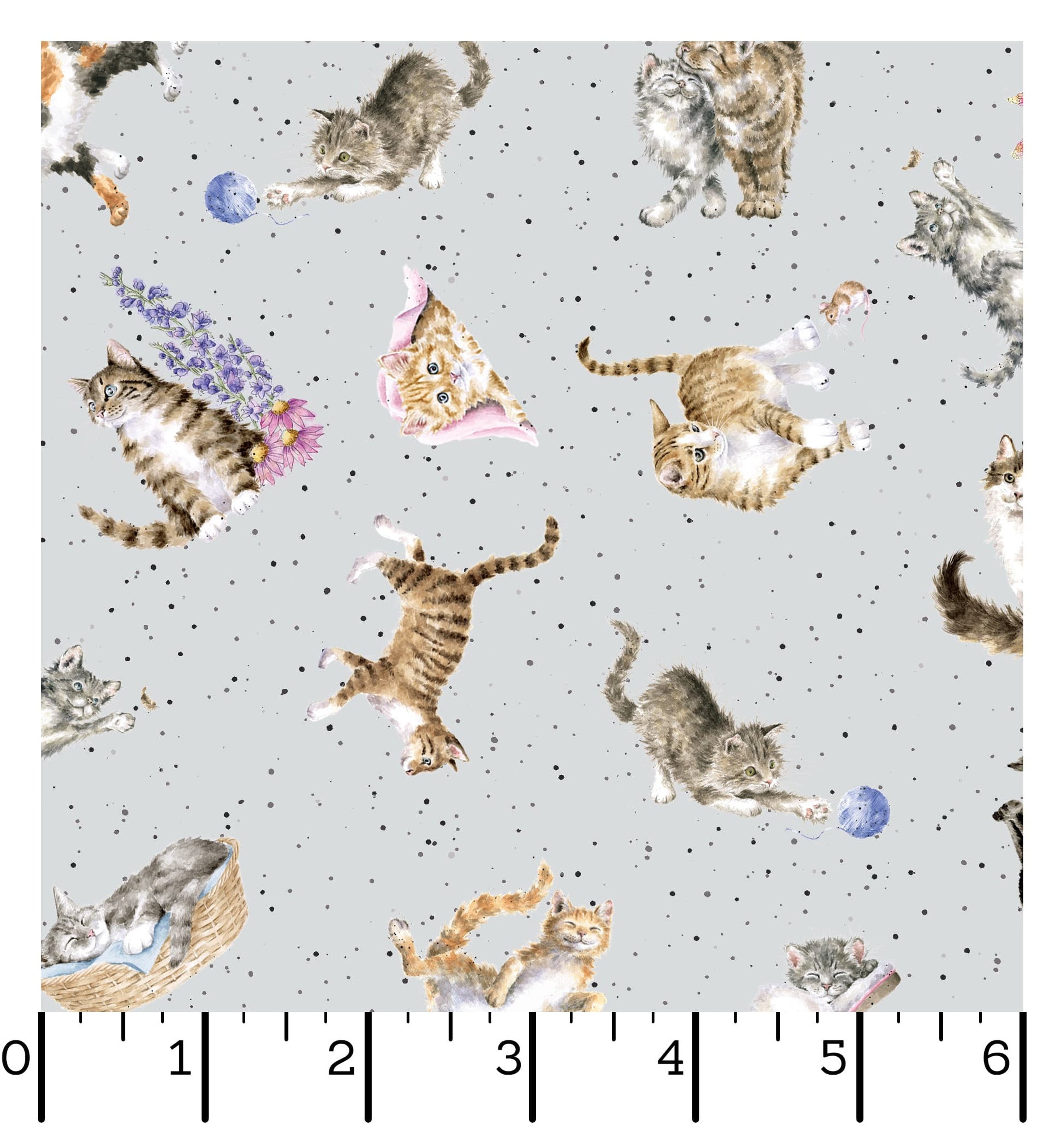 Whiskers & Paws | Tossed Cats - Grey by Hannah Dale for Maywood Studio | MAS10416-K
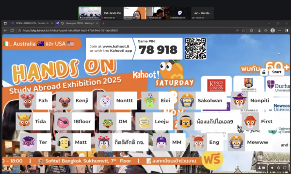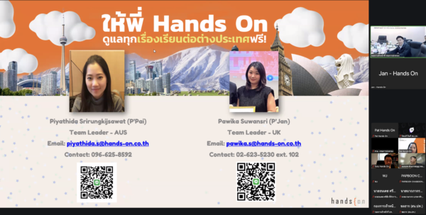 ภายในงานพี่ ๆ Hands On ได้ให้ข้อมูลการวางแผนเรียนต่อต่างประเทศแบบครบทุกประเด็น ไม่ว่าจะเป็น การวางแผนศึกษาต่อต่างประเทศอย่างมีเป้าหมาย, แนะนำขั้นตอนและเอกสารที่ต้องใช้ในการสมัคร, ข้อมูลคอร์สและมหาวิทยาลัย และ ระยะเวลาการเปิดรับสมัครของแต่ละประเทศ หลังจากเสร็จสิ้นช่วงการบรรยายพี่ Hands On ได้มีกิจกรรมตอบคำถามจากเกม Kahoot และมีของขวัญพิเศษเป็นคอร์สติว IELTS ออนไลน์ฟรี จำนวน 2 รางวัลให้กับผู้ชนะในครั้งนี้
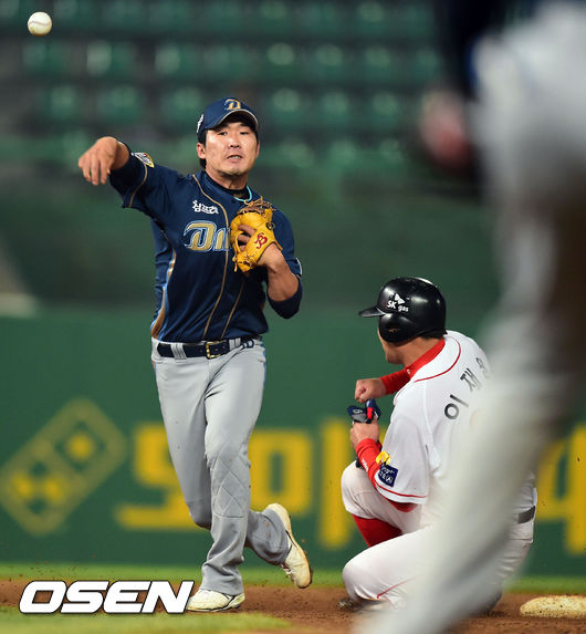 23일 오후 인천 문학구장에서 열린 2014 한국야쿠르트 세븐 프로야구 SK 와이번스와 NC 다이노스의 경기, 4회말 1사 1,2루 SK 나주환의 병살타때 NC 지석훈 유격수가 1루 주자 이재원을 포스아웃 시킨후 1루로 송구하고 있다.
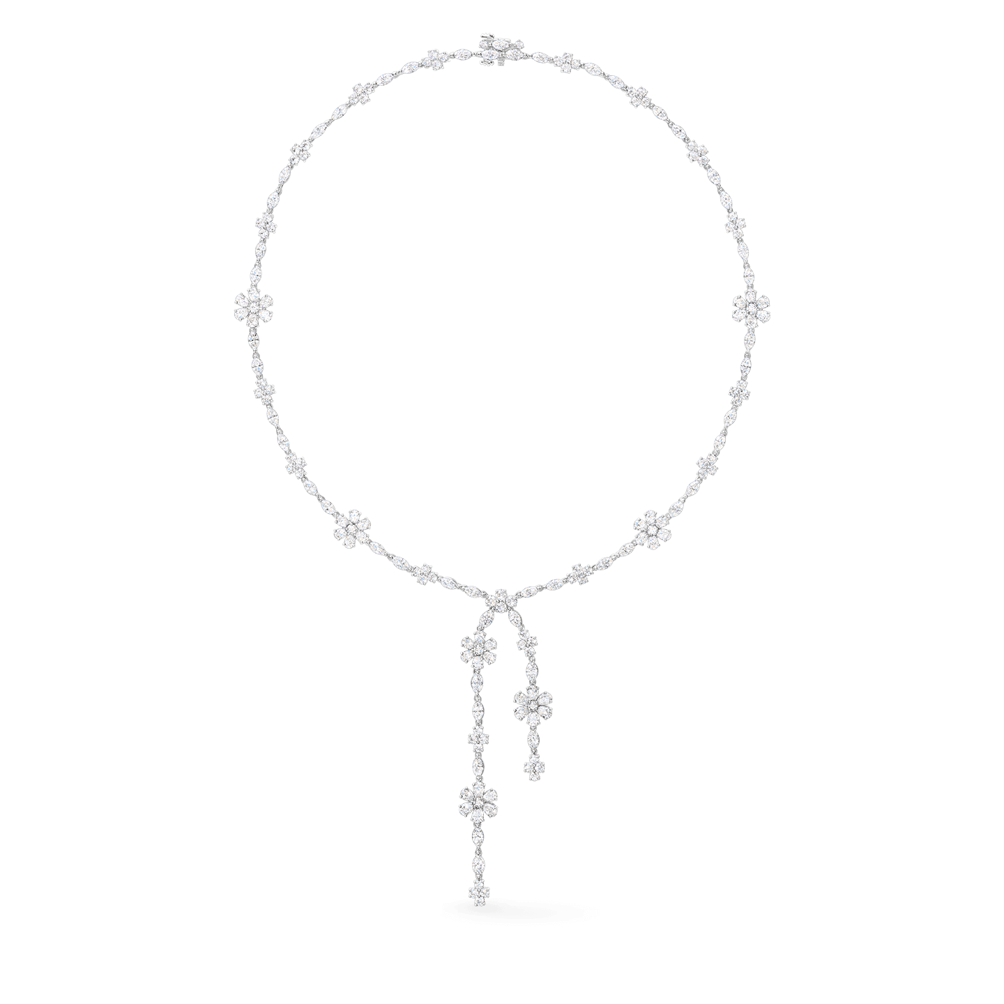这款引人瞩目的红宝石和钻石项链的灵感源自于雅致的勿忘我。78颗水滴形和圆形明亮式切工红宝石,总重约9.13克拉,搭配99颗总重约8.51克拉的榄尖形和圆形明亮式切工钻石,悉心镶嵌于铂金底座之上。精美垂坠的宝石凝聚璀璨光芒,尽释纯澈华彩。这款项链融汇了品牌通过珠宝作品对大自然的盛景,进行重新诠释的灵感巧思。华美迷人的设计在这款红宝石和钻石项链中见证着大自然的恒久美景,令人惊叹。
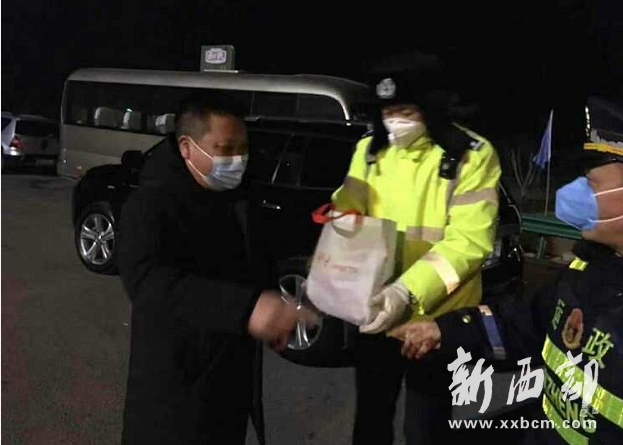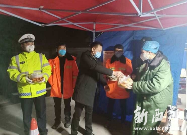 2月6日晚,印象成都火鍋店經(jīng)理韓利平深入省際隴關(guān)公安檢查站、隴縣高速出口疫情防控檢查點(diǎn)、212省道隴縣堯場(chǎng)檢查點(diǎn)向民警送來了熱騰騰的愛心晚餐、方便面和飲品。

TASK TO CARRY OUT
Take the lines from the first line of the entries through the line with "ภายในงานพี่ ๆ Hands", inclusive, and give them again exactly, minus any pictures.

ANSWER TO THE PROBLEM
 Whiskers & Paws | Tossed Cats - Grey by Hannah Dale for Maywood Studio | MAS10416-K
 ภายในงานพี่ ๆ Hands On ได้ให้ข้อมูลการวางแผนเรียนต่อต่างประเทศแบบครบทุกประเด็น ไม่ว่าจะเป็น การวางแผนศึกษาต่อต่างประเทศอย่างมีเป้าหมาย, แนะนำขั้นตอนและเอกสารที่ต้องใช้ในการสมัคร, ข้อมูลคอร์สและมหาวิทยาลัย และ ระยะเวลาการเปิดรับสมัครของแต่ละประเทศ หลังจากเสร็จสิ้นช่วงการบรรยายพี่ Hands On ได้มีกิจกรรมตอบคำถามจากเกม Kahoot และมีของขวัญพิเศษเป็นคอร์สติว IELTS ออนไลน์ฟรี จำนวน 2 รางวัลให้กับผู้ชนะในครั้งนี้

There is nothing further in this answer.